Text Based Queries¶
Lets first understand why Opensearch has advantages on full text-based search compared to mySQL (SQL).
MySQL/SQL Limitations:
Relational Structure: MySQL is optimized for structured, relational data, not large-scale text search. Full-Text Search: MySQL uses FULLTEXT indexes but is slower for full-text search as it lacks advanced text analysis and efficient indexing for unstructured data.
Row-Based Indexing: It indexes rows, requiring more resources to scan large text fields.
OpenSearch (NoSQL) Advantages:
Inverted Index: OpenSearch uses an inverted index, making text search faster by indexing individual terms, not rows.
Scalability: OpenSearch is built for horizontal scaling, distributing data and queries across nodes.
Text Processing: It has built-in analyzers (tokenization, stemming), making it ideal for fast, accurate full-text search.
Real-Time: OpenSearch excels at handling dynamic, real-time searches across large datasets.
Opensearch is a powerful search and analytics engine that excels in handling text-based queries efficiently. Understanding how to construct and utilize text-based queries in Opensearch is crucial for effective data retrieval and analysis.
This section will delve into the concepts and techniques involved in Opensearch text-based queries.
Match Query:¶
Match Phrase Query¶
Search for documents containing an exact phrase in the description field. Structure of query is:
{
"query": {
"match_phrase": {
"<field>": "<phrase>"
}
}
}Lets search for document(s) with exact phrase “without beam background” in description field.
search_query = {"query": {"match_phrase": {"description": "without beam background"}}}
search_results = es.search(index=index_name, body=search_query)
for hit in search_results["hits"]["hits"]:
print(hit["_source"])Match query¶
The match query is a basic query type in opensearch used to search for documents containing specific words or phrases in a specified field, such as the description field. Structure of query is:
{
"query": {
"match": {
"query": "<text>"
}
}
}Lets search for documents containing words “without” or “beam” in description field. Here it looks for document containing either of the words.
search_query = {"query": {"match": {"description": "without beam"}}}
search_results = es.search(index=index_name, body=search_query)
for hit in search_results["hits"]["hits"]:
print(hit["_source"])You should see three documents with filename expx.myfile2.root , expx.myfile3.root and expx.myfile4.root, as these document contain either of word without or beam.
You can also add operator and for the query so that all the words are present in the field.
{
"query": {
"match": {
"query": "<text>",
"operator": "and"
}
}
}
Example , to get the documents with word “beam” and “cherenkov” you will do.
search_query = {
"query": {"match": {"description": {"query": "beam cherenkov", "operator": "and"}}}
}
search_results = es.search(index=index_name, body=search_query)
for hit in search_results["hits"]["hits"]:
print(hit["_source"])query_string¶
Wild card¶
Wildcard queries are used to search for documents based on patterns or partial matches within a field. In the example below, a wildcard query is used to search for documents where the description field contains any L trigger ie.

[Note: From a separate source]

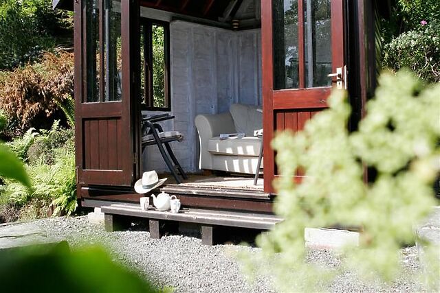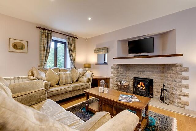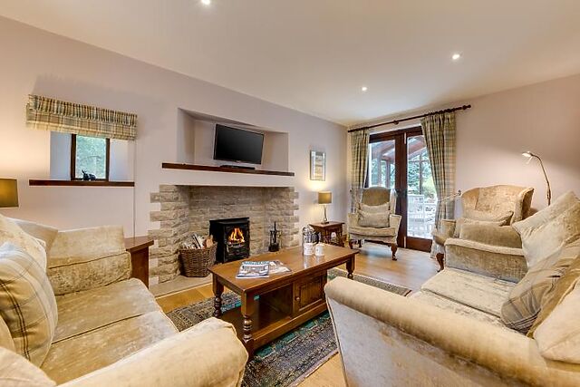 Inside, you'll find a cosy lounge with a granite fireplace and wood burner, perfect for relaxing evenings.
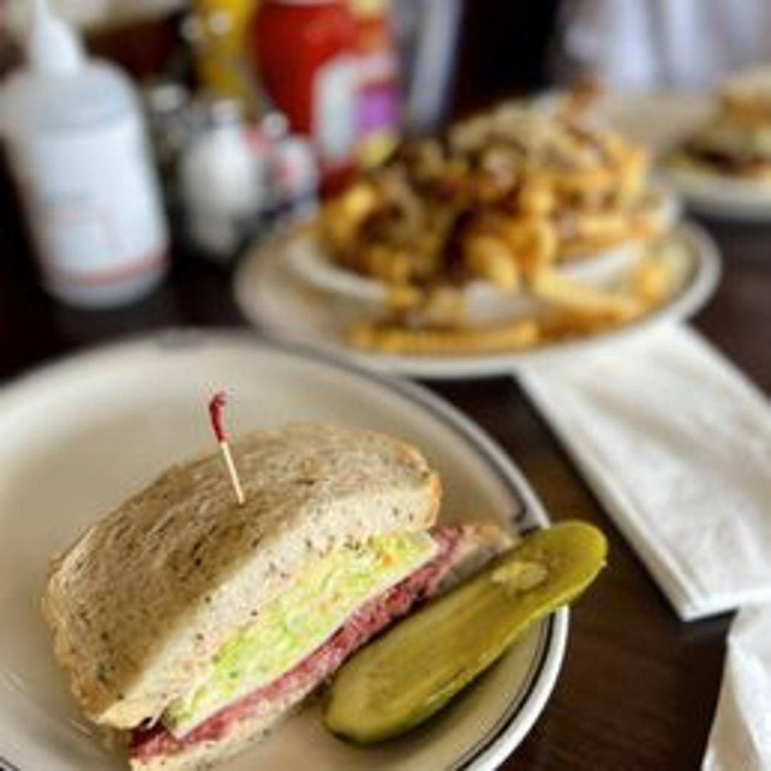 Langer's signature sandwich. Tender, hand-cut pastrami, creamy coleslaw, Swiss cheese, and Russian dressing piled high on double-baked rye bread. A culinary masterpiece renowned for its perfect balance of flavors and textures.

L1/L2.
search_query = {
"query": {"query_string": {"default_field": "description", "query": "L*"}}
}
search_results = es.search(index=index_name, body=search_query)
for hit in search_results["hits"]["hits"]:
print(hit["_source"]["description"])You should see single document with filename expx.myfile1.root.
Prefix Query:¶
Prefix queries are used to search for documents where a specified field starts with a specific prefix. For example, the prefix query below searches for documents where the filename field starts with “expx.”:
search_query = {"query": {"prefix": {"filename": "expx."}}}search_results = es.search(index=index_name, body=search_query)
for hit in search_results[“hits”][“hits”]: print(hit[“_source”][“filename”]) This query will match documents with filenames like “expx.csv,” “expx_data.txt,” etc.
Fuzzy Query:¶
Fuzzy queries are used to find documents with terms similar to a specified term, allowing for some degree of error or variation. In the example below, a fuzzy query is used to search for documents with terms similar to “produced” in the description field:
search_query = {"query": {"fuzzy": {"description": "physic"}}}
search_results = es.search(index=index_name, body=search_query)
for hit in search_results["hits"]["hits"]:
print(hit["_source"]["description"])This query will match documents with terms like “production,” “producer,” “products,” etc., based on the fuzziness parameter specified.